Wolf stepped dangerously close to the truth about the causes of crises with this: “Moreover, crises are endogenous: that is to say, they come from within the economy. They are a result of the interaction between tendencies towards excessive optimism and the fragility of any system of highly leveraged financial intermediaries.” But then he flinches and runs away. Had he been made of sterner stuff, he would have asked, where does the excessive optimism and high leverage come from if not from central bank monetary policies flooding the world with cheap money? And if high leverage is the problem, how is it also part of the cure? Is bourbon the solution to alcoholism?
And his remedy shows some promise: “Obvious solutions include eliminating the incentives towards leverage in our tax systems, encouraging greater use by the economy of equity finance and debt that can be readily converted into equity, raising the reserve and capital requirements of banks and moving swiftly towards the issuance of digital central bank cash.” But what about the chief dealer of the drug he calls leverage, the Federal Reserve? Even without the policies he mentions, excessive leverage could never happen if the Fed allowed the market to determine interest rates and didn’t keep them near zero for over a decade. And those same policies can never prevent the Fed from flooding the country with cheap money and increasing leverage.
Wolf and mainstream economists see the impact of money printing as asymmetric: it produces only good outcomes in the short run and nothing worse than inflation in the long. He thinks that because he has an emaciated theory of money. If he learned a robust theory of money as the Austrian school teaches he would see the devastating effects of money printing in the near term. Keynes was addressing economists like Wolf when he said, “In the long run we’re all dead.” Most fail to quote the next sentence: “Economists set themselves too easy, too useless a task, if in tempestuous seasons they can only tell us, that when the storm is long past, the ocean is flat again.” In other words, mainstream economists fixate on the long run effect of inflation to the exclusion of the near term storms.

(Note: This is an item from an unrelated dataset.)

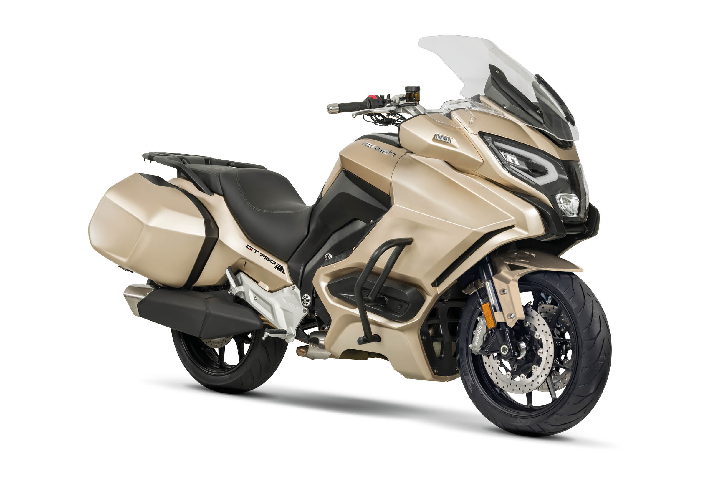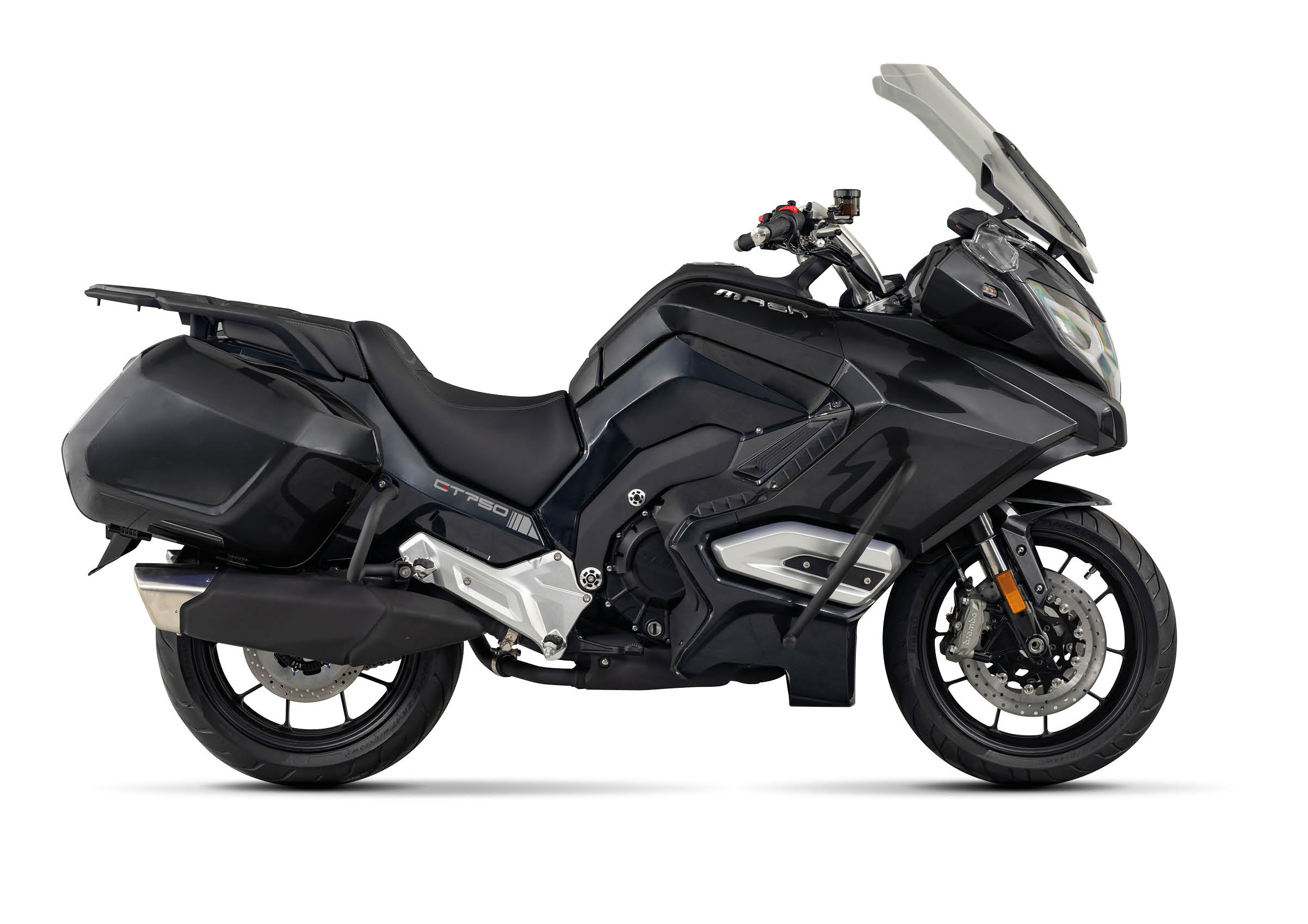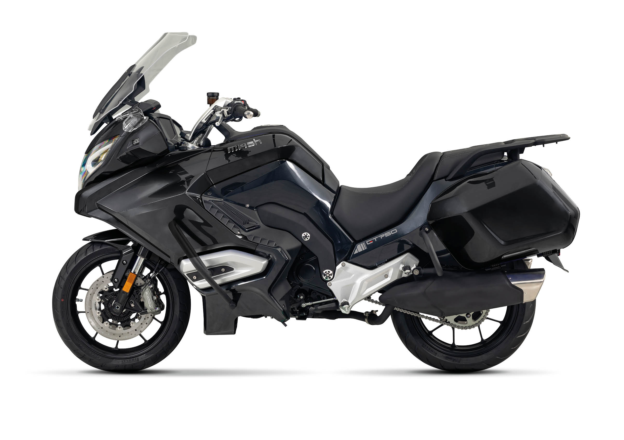 De GT750, een échte Gran Tourismo, comfortabel, compleet en heel betaalbaar. Ontwikkeld in samenwerking met Jedi Motor, waarmee Mash een nieuwe avontuurlijke weg inslaat. De GT750 combineert een soepel 730 cc-tweecilinderblok (75 pk, 69 Nm) met hoogwaardig rijcomfort. De zithouding is ontspannen, dankzij het verhoogde stuur, de royale zadelruimte en de elektrisch verstelbare ruit. Het aluminium dubbel wiegframe, de verstelbare 41 mm upside-down voorvork en Brembo-remmen met Bosch ABS zorgen voor vertrouwen bij iedere rit. Met een 24-liter tank en een gemiddeld verbruik van 4,6 l/100 km is de GT750 helemaal klaar voor langere tochten, alleen of met z’n tweeën.

Wolf sets before economists two tasks: “The first is how to make the body economic more resistant to the consequences of manias and panics. The second is how to restore it to health as quickly as possible. On both counts, we need to think more and do more.”
By identifying the problem with leverage, Wolf is very close to the Austrian business-cycle theory (ABCT), which blames central bank policies for creating high leverage through 1) below market interest rates and 2) expanding the money supply by buying US treasuries from banks. Loose monetary policy encourages people to go into debt and causes unsustainable expansions that end in manias. The inevitable crash causes panics. Why can’t he connect the dots?
He can’t because of his socialist tendencies. Wolf, like all mainstream economists, wants to blame capitalism for crises. He can’t indict the real culprit, the quasi-governmental central bank, because that would let capitalism off the hook and put the burden on his idol, the state.
We are probably now in another recession, which typically last 18 months. What will mainstream econ say about it in two years?